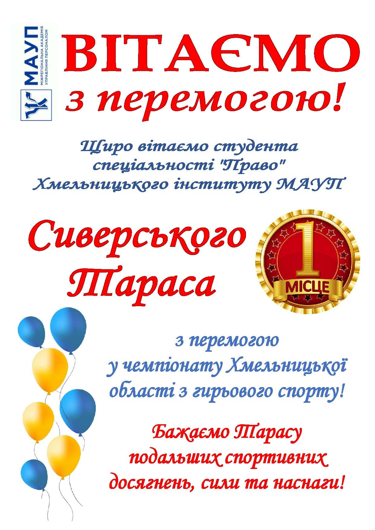 Тарас Сиверський, випускник Хмельницького економіко-правового коледжу МАУП, а зараз студент Хмельницького інституту МАУП спеціальності «Право» став переможцем чемпіонату Хмельницької області з гирьового спорту серед юнаків, дорослих та ветеранів у ваговій категорії 68 кг.
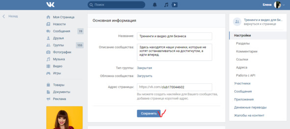 Попадаем на страничку, где нужно заполнить основную информацию: даем название сообществу, описание, и т. д. Затем нажимаем Сохранить.
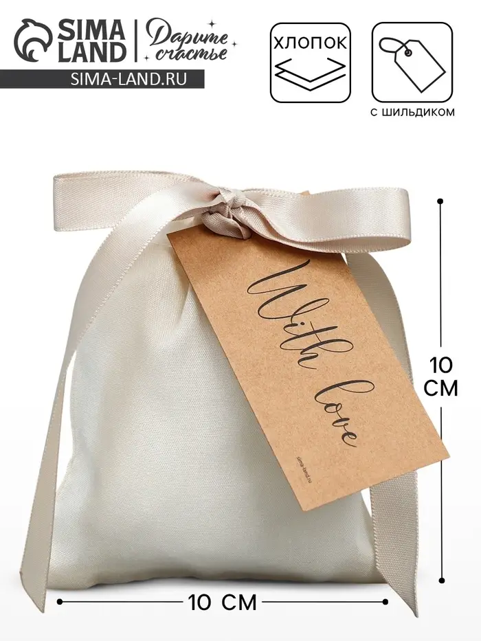 Мешочек подарочный из хлопка «С любовью», 10 х 12 см +/- 1.5 см
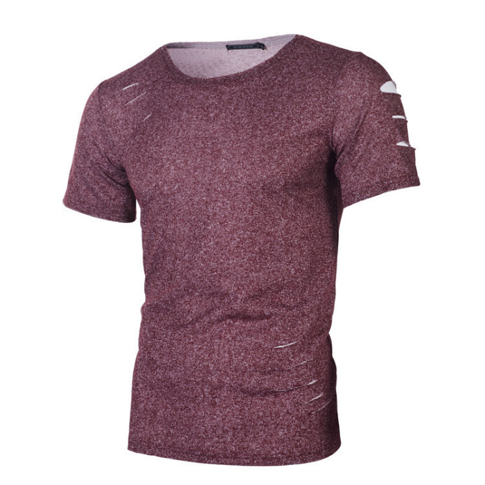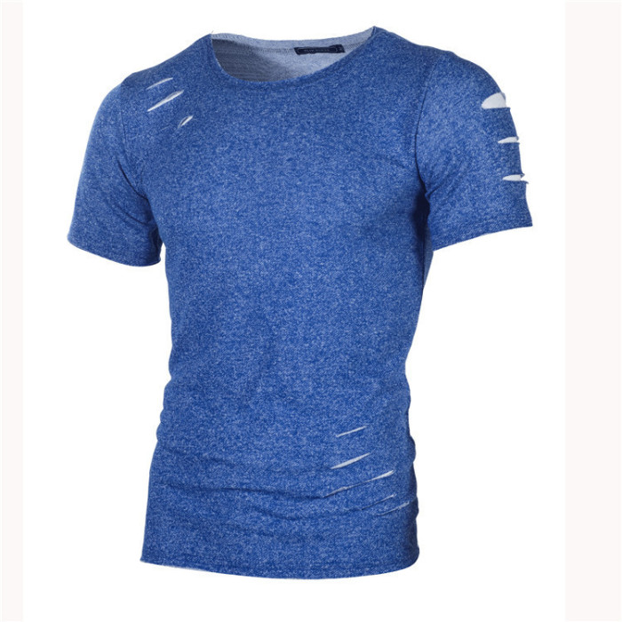 夏季新款男士休閒時尚短袖破洞T恤 5色
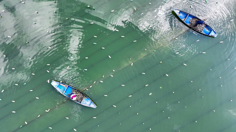 一串串珍珠蚌悬于水下,工人划船穿梭其间开展作业。(陆敏 摄)
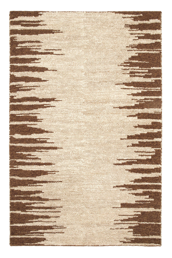 Enjoy the natural beauty of sustainable jute. The burly yarn, densely woven as stubby twisted loops, creates a uniquely random central panel contrasting in color and texture with soft wool borders in earthy mineral shades. Part of a collection designed by Marie Flanigan, the Founder and Principal of Marie Flanigan Interiors.
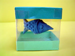 | 大人気の工作「宙に浮く金魚」。ちなみに右は「宙に浮くかつお」とのこと。→ どういうしかけかわかりますか? |
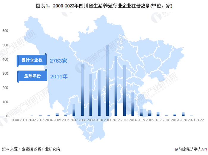 根据中国企业数据库企查猫,目前四川省生猪养殖行业的主要企业共有2763家,其中以2011年为主要注册热潮,2011年四川省生猪养殖注册企业数量达500家;2021年四川省生猪养殖行业新增注册企业数量共有5家,同比减少21家。

TASK TO CARRY OUT: Give back the whole of the material exactly, with the pictures removed.

SOLUTION TO THIS TASK:
 Тарас Сиверський, випускник Хмельницького економіко-правового коледжу МАУП, а зараз студент Хмельницького інституту МАУП спеціальності «Право» став переможцем чемпіонату Хмельницької області з гирьового спорту серед юнаків, дорослих та ветеранів у ваговій категорії 68 кг.
 Попадаем на страничку, где нужно заполнить основную информацию: даем название сообществу, описание, и т. д. Затем нажимаем Сохранить.
 Мешочек подарочный из хлопка «С любовью», 10 х 12 см +/- 1.5 см
 夏季新款男士休閒時尚短袖破洞T恤 5色
 一串串珍珠蚌悬于水下,工人划船穿梭其间开展作业。(陆敏 摄)
 Enjoy the natural beauty of sustainable jute. The burly yarn, densely woven as stubby twisted loops, creates a uniquely random central panel contrasting in color and texture with soft wool borders in earthy mineral shades. Part of a collection designed by Marie Flanigan, the Founder and Principal of Marie Flanigan Interiors.
 | 大人気の工作「宙に浮く金魚」。ちなみに右は「宙に浮くかつお」とのこと。→ どういうしかけかわかりますか? |
 根据中国企业数据库企查猫,目前四川省生猪养殖行业的主要企业共有2763家,其中以2011年为主要注册热潮,2011年四川省生猪养殖注册企业数量达500家;2021年四川省生猪养殖行业新增注册企业数量共有5家,同比减少21家。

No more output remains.